A DDBJ-KEGG-PDBj workflow: from pathways to protein-protein interactions


  • Yasumasa Shigemoto (WABI/SABI; DDBJ, Japan)
  • Akira Kinjo (PDBj, Japan)
  • Soichi Ogishima (Tokyo Medical and Dental Univ, Japan)
  • Masumi Itoh (Hokkaido Univ)

The objective

Given a KEGG pathway ID of a specific species,

  1. Identify homologous proteins of the pathway.
  2. Infer possible protein-protein interactions between components of the homologous pathways.

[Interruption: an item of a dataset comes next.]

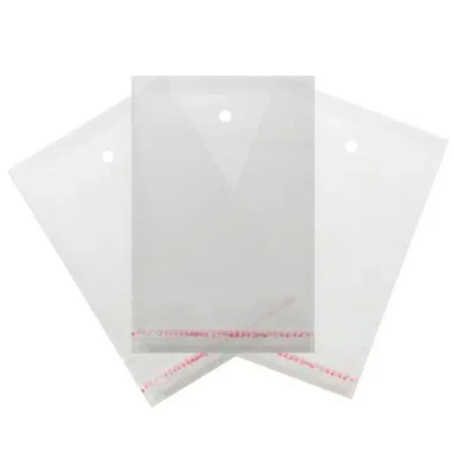 Um pacote contendo 100 unidades de saco adesivado com furo

  1. Input: KEGG pathway ID
  2. Get amino acid sequences of all the proteins involved in the given pathway. (KEGG API)
  3. For each protein sequence, run BLAST against the UniProt (SwissProt / !TrEMBL) database to identify its homologs. (WABI)
  4. Sort the BLAST results according to species. (a local program)
    • At this point, we will have a phylogenetic profile.
  5. For each BLAST hit (a UniProt entry), run BLAST against PDB. (PDBj SeqNavi API).
  6. Find physical interactions between different components. (a local program)
    • That is, if two (UniProt) sequences are homologous to different chains of the same PDB entry, they are predicted to be in physical contact.
  7. Output the phylogenetic profile and the predicted species-wise PPI.

An example

  1. KEGG pathway (TCA cycle in E. coli): path:eco00020 eco00020.
  2. Phylogenetic profile
  3. The pathway colored according to homologs in Acinetobacter pathway colored by phylogenetic profile
  4. PPI list
  5. The pathway with PPI edges in Yersinia pestis PPI

What we learned

  1. We had to do a significant amount of coding in spite of the wealth of Web services.
  2. It takes a long time to finish all the flow.
  3. By actually solving biologically oriented problems, we can identify some typical use cases which might be useful for further development of web services.
    • e.g. 1. Given a set of gene names, return a phylogenetic profile.
    • e.g. 2. Given a set of blast hits, group them according to their species.